Hopefully what I have laid out is that there is no simple answer to this, much of the performance depends on the data change rate you will have and the granularity of restore you want. Don’t be mistaken. There is no clear winner, each approach to replication and recovery has positive and negative points, and there is a commercial cost that I have not explored here also.
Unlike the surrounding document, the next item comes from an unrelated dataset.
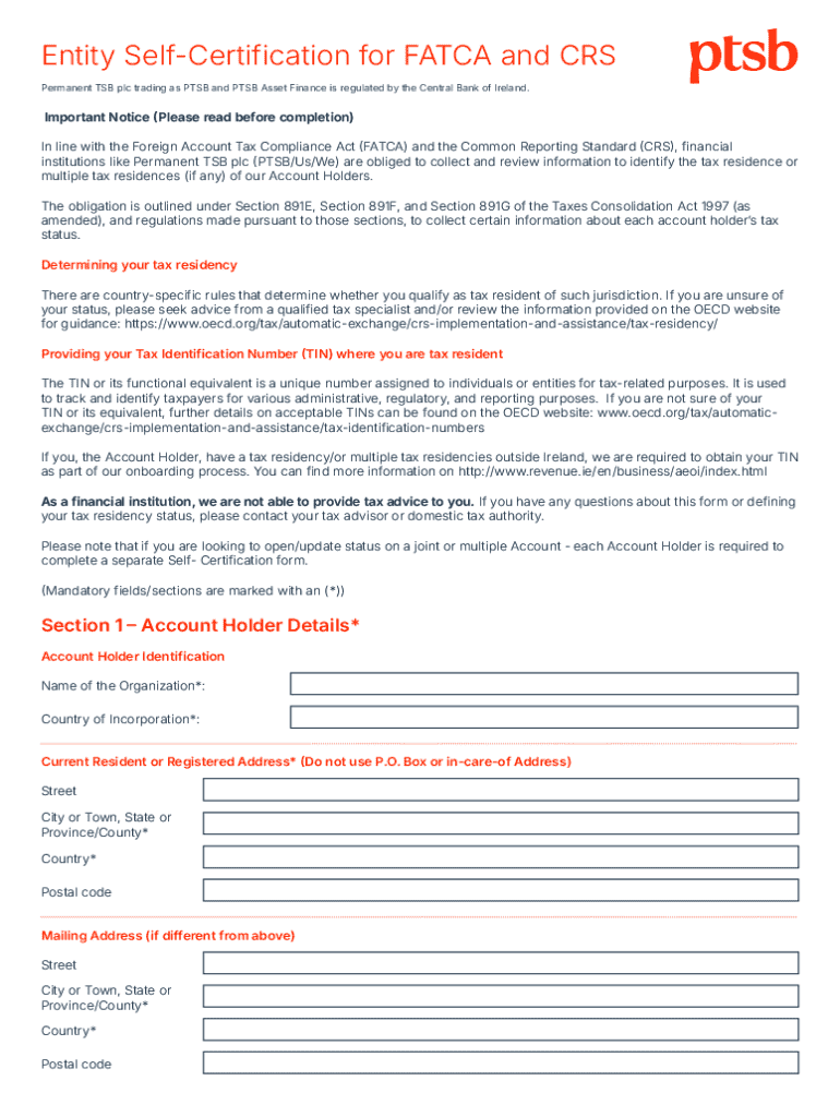 This document is used by financial institutions to collect and certify information related to an entity\'s tax residency for compliance with the Foreign Account Tax Compliance Act (FATCA) and the

I think the major take home to make is that there is no real per second RPO (without synchronous replication with expensive storage arrays and very costly networking), this only exists if there is no data change, and then, that would perhaps apply to all products. Would the fastest be the native VMDK solution that doesn’t need conversion? It is a moot point as there is very little chance of zero data change in reality.
Reality means large volumes of data, reality means unpredictable scenarios, reality means communication ups and downs, and unexpected spikes in utilization. Just like your cloud choices, it’s the right DR solution for the workload, that is what is important. Remember the key levers:
- Compute resources: Journaling will probably require more compute than deltas but this is dependent on consolidation schedules. Keeping smaller journals and less deltas will minimize compute overhead when comparison operations are required for restore.
- Storage: Again, the more granularity, the more storage needed. Be sure to assign the correct level of granularity to the VM criticality.
- Network: Journaling, replicating off site consistently will need to have assigned bandwidth reserved so that replication is not affected. Local replication will minimize WAN costs but will not provide regional protection.
- Granularity RPO: How much can you afford to lose? Nothing, then journaling is your answer, 5 min or more, then lightweight deltas will be a suitable solution. Again, be sure to assign the correct level of granularity to the VM criticality.
- Time to recover RTO: For Deltas, this will be dependent on data drift and the number of deltas between the last one and the last consolidated vmdk. For journaling this will again be dependent on the amount of journal data that needs to be consolidated and converted to vmdk format.
As with many technical solutions, there is no right and wrong about journaling or deltas, these are just the typical DR replication types. There is however a cost consideration, if you need the granularity of journaling, then there is likely to be higher costs in storage and critically networking.